Babies. In the same article Shragai goes on to report:
now the Palestinian indoctrination mechanism is even recruiting babies…. Dozens of photos of babies and very young children holding knives that someone stuffed into their tiny hands have been littering social media sites, along with war slogans and other violent texts. The juxtaposition between their innocent, sweet faces and the knives and violent language is immensely disturbing.
Disturbing, and not part of “universal values we all share” (pictures here).
Sanctity of medical care. In the Western world, ambulances are used as ambulances and not for other purposes, and injured people are taken to hospitals. But even these are not “universal values.” During the Second Intifada (2000-2004), as this summary notes,
terrorists frequently used ambulances as a means to transport bombs, guns and other weapons. Many of the terrorists who triggered suicide bombings in Israel gained access to the country by driving or riding in Red Crescent ambulances.
In a Palestinian terror attack near Hebron on November 15 that killed Rabbi Ya’akov Litman (40) and his son Netanel (18),
a Palestinian Red Crescent ambulance [drove] by the scene of the shooting yet did not stop to administer first aid treatment.
Channel 10’s weekly Friday evening newscast aired audio of the call, which confirmed earlier reports on social media that Palestinian paramedics did not tend to the victims of the shooting….
Lies and truth. Lies and distortions occur, of course, wherever there are human beings. But whereas some cultures at least aspire to truth-telling as a value, others (including Western ones under totalitarian regimes) have used lies and distortions systematically. In the current intifada, Israeli columnist Dan Margalit notes,
Palestinian lies have reached new lows…. The Palestinians do not justify terrorist attacks—instead, they claim the attacks are staged by Israel and the attackers are murdered by Israel in a premeditated manner.

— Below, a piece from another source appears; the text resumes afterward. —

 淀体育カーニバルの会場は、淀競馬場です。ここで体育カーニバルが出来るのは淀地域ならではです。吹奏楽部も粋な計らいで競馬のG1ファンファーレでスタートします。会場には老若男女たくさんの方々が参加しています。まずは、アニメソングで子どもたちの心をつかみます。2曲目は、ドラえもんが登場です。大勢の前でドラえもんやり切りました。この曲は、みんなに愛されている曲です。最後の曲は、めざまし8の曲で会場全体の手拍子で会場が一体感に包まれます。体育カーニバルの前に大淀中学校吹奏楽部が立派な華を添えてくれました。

The Palestinian authorities use these claims to fuel further rage among the population—and further attacks. Palestinians, they say, are not actually attacking Israelis with knives; Israeli soldiers are planting knives beside the bodies of Palestinians they wantonly kill.

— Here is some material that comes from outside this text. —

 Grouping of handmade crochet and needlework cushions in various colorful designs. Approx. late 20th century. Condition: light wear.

Life and death. Life itself—its sanctity, its desirability—is not a universal value. Hamas’s TV channel has warned Israelis that “[we] love death more than you love life.” Or as Hizballah leader Hassan Nasrallah has put it: “The Jews love life, so that is what we shall take away from them. We are going to win, because they love life and we love death.” Or as a 16-year-old Taliban warrior declared, “War is our best hobby. The sound of guns firing is like music for us…. The Americans love Pepsi Cola, we love death.”

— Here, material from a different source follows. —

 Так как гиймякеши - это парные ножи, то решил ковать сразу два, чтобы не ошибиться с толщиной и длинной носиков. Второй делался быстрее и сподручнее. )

God. “Allahu Akbar!”—God is greater—is the most dangerous phrase in today’s world. It was shouted by the Paris mass-murderers and is, of course, heard in countless other places as murders and mass murders are attempted or committed. It obviously comes from a cultural ambience and is not only espoused by attackers themselves. The notion of God as a being who wants people to be kind and merciful is, then, far from universal. Someone who believes in a God who wants so much bloodshed has a profoundly different mindset, and different values, from someone for whom such a belief is anathema.
President Obama, then—not uncharacteristically—read the significance of the Paris attacks wrong. It was an attack on a part of humanity and their values, values that, lamentably, much of the world does not share.